Calculate 95% Bootstrap Confidence Interval for Order Values
Company: Pinterest
Role: Data Scientist
Category: Coding & Algorithms
Difficulty: Medium
Interview Round: Onsite
##### Scenario
An e-commerce firm wants a 95% confidence interval for the average order value but only has a single historical sample of order amounts.
##### Question
Given an array of past order values, write efficient Python code to return the 95% bootstrap confidence interval using 10,000 resamples. Explain your approach and any performance optimizations.
##### Hints
Use vectorized resampling (np.random.choice) and percentile bounds; avoid Python loops.
Quick Answer: This question evaluates a data scientist's competence in statistical inference using bootstrap resampling, proficiency with numerical computing for large sample operations, and attention to performance optimization.
Given a non-empty list of historical order values (floats), compute a two-sided 95% bootstrap confidence interval for the mean using exactly 10,000 resamples with replacement. Use NumPy's Generator-based RNG for reproducibility: numpy.random.default_rng(seed).choice. Return the 2.5th and 97.5th percentile bounds of the bootstrap sample means as a list [low, high], rounded to 6 decimal places. If the list has one unique value, the interval is that value for both bounds.
Constraints
- 1 <= len(order_values) <= 5000
- Order values are finite floats (can be zero or positive)
- Use exactly B = 10,000 bootstrap resamples with replacement
- RNG must be numpy.random.default_rng(seed) for determinism
- Percentile bounds are [2.5, 97.5]
- Return a list of two floats rounded to 6 decimals
Solution
def bootstrap_ci_95(order_values: list[float], seed: int = 42) -> list[float]:
import numpy as np
arr = np.asarray(order_values, dtype=float)
if arr.size == 0:
raise ValueError("order_values must be non-empty")
B = 10000
n = arr.size
rng = np.random.default_rng(seed)
# Choose a batch size to balance memory and speed
# Ensures batch * n is bounded to keep memory reasonable
max_draws = 5_000_000 # adjust as needed for environment
batch = max(1, min(B, int(max_draws // max(1, n))))

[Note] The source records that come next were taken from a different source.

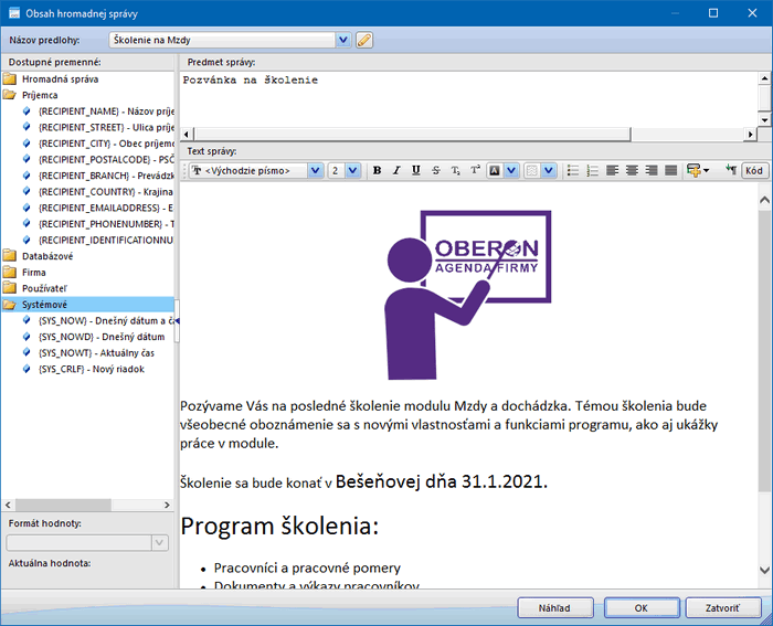 - Hromadné e-mailové správy sa vytvárajú v programe OBERON – Agenda firmy v ponuke CRM, Hromadné správy (kampane).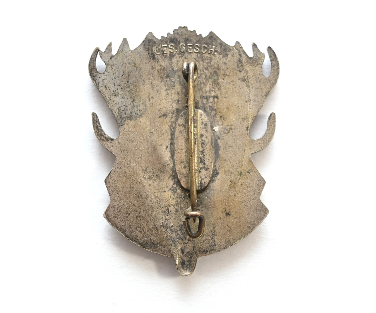 The abzeichen or badge shows overall normal signs of wear. Its complete with needle on the back and marked 'Ges.Gesch.'.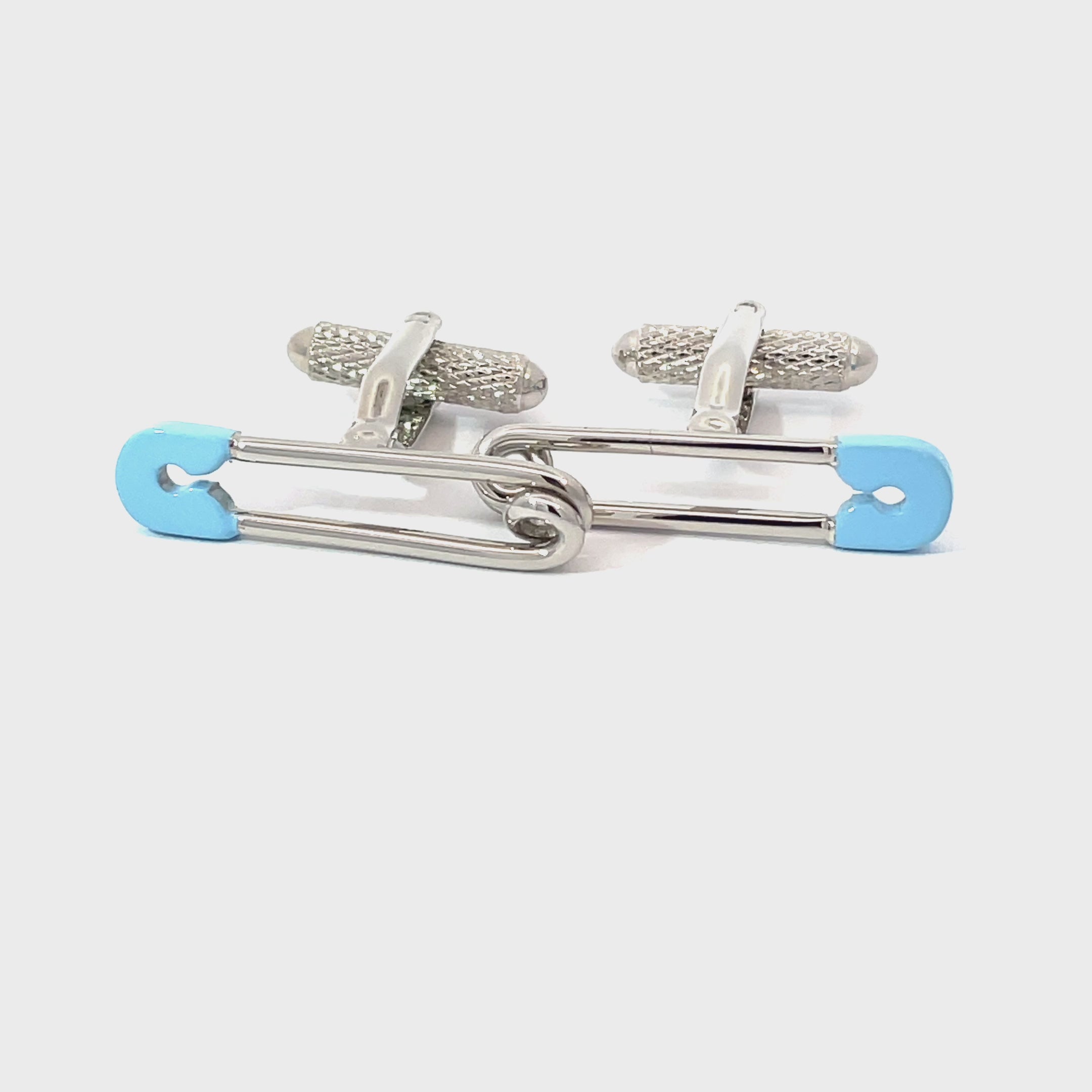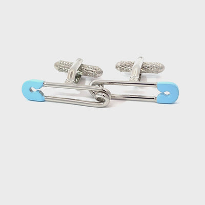 These silver-tone cufflinks feature a playful safety pin design with light blue enamel tips. A quirky accessory that adds a fun twist to any formal outfit—perfect for new dads or anyone with a cheeky sense of style. Finished in enamel and shiny rhodium plating.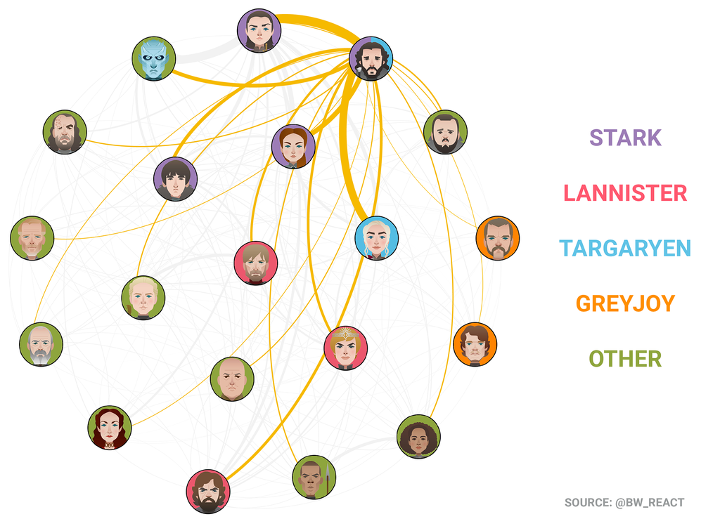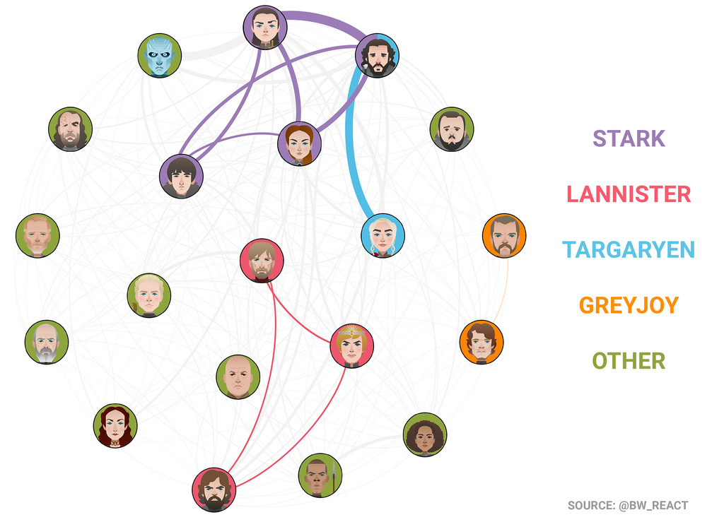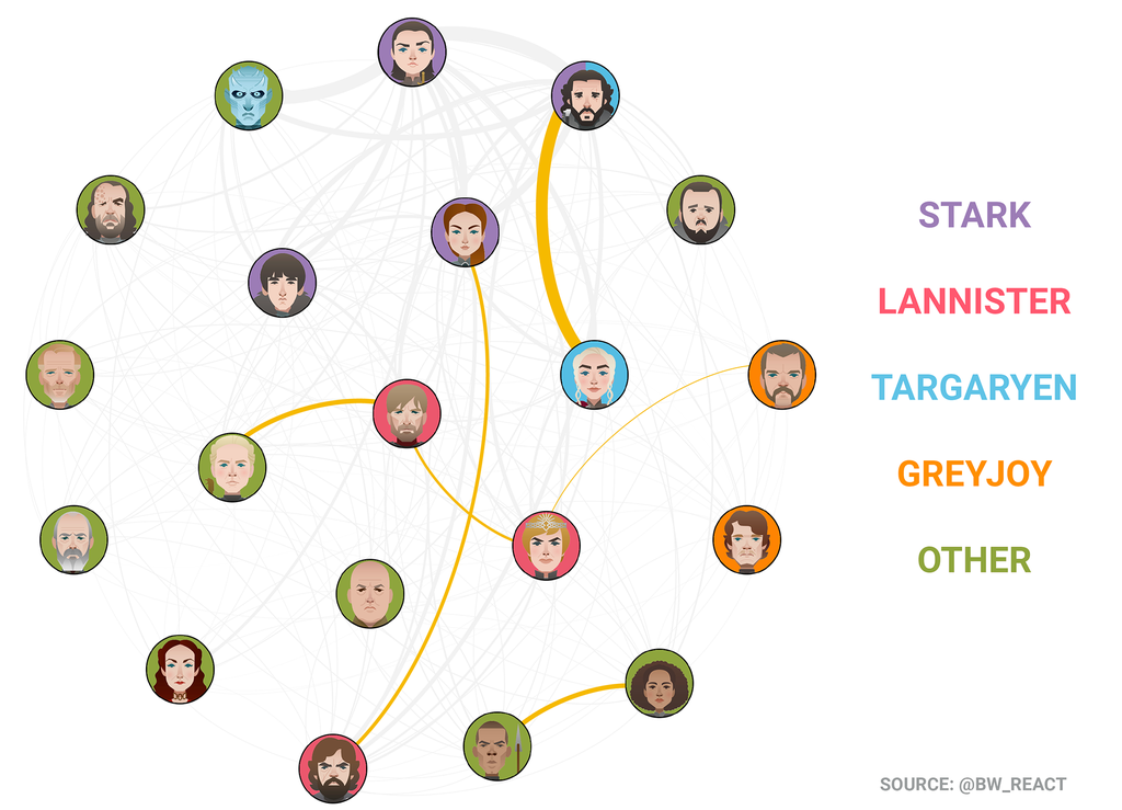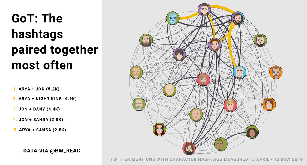 Do our tweets reflect alliances or bitterness between characters in the show?

means = np.empty(B, dtype=float)
start = 0
while start < B:
bs = min(batch, B - start)
samples = rng.choice(arr, size=(bs, n), replace=True)
means[start:start + bs] = samples.mean(axis=1)
start += bs
low, high = np.percentile(means, [2.5, 97.5])
return [round(float(low), 6), round(float(high), 6)]
Explanation
Convert the input to a NumPy array. Use default_rng(seed) for reproducible sampling. Generate bootstrap resamples with replacement in vectorized batches to manage memory. For each batch, compute row-wise means and store them. After collecting 10,000 bootstrap means, compute the 2.5th and 97.5th percentiles to form the two-sided 95% confidence interval. Round both bounds to 6 decimals before returning.
Time complexity: O(B * n). Space complexity: O(B + batch * n).
Hints
- Use numpy.random.default_rng(seed).choice to generate resamples in a vectorized way.
- Compute means along axis=1 and then np.percentile at [2.5, 97.5].
- To limit memory, generate resamples in batches (e.g., 1000 at a time) while keeping vectorization within each batch.